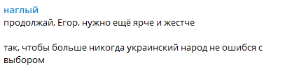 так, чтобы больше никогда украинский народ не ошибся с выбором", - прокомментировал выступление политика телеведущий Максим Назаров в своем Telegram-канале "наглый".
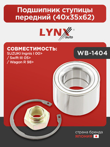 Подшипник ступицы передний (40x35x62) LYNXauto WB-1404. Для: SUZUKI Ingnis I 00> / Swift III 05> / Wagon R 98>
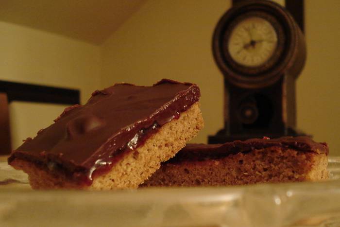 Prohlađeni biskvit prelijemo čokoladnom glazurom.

What the task asks: Print the material in full and exactly; the pictures must not be printed.

Solution for this task:
 так, чтобы больше никогда украинский народ не ошибся с выбором", - прокомментировал выступление политика телеведущий Максим Назаров в своем Telegram-канале "наглый".
 Подшипник ступицы передний (40x35x62) LYNXauto WB-1404. Для: SUZUKI Ingnis I 00> / Swift III 05> / Wagon R 98>
 Prohlađeni biskvit prelijemo čokoladnom glazurom.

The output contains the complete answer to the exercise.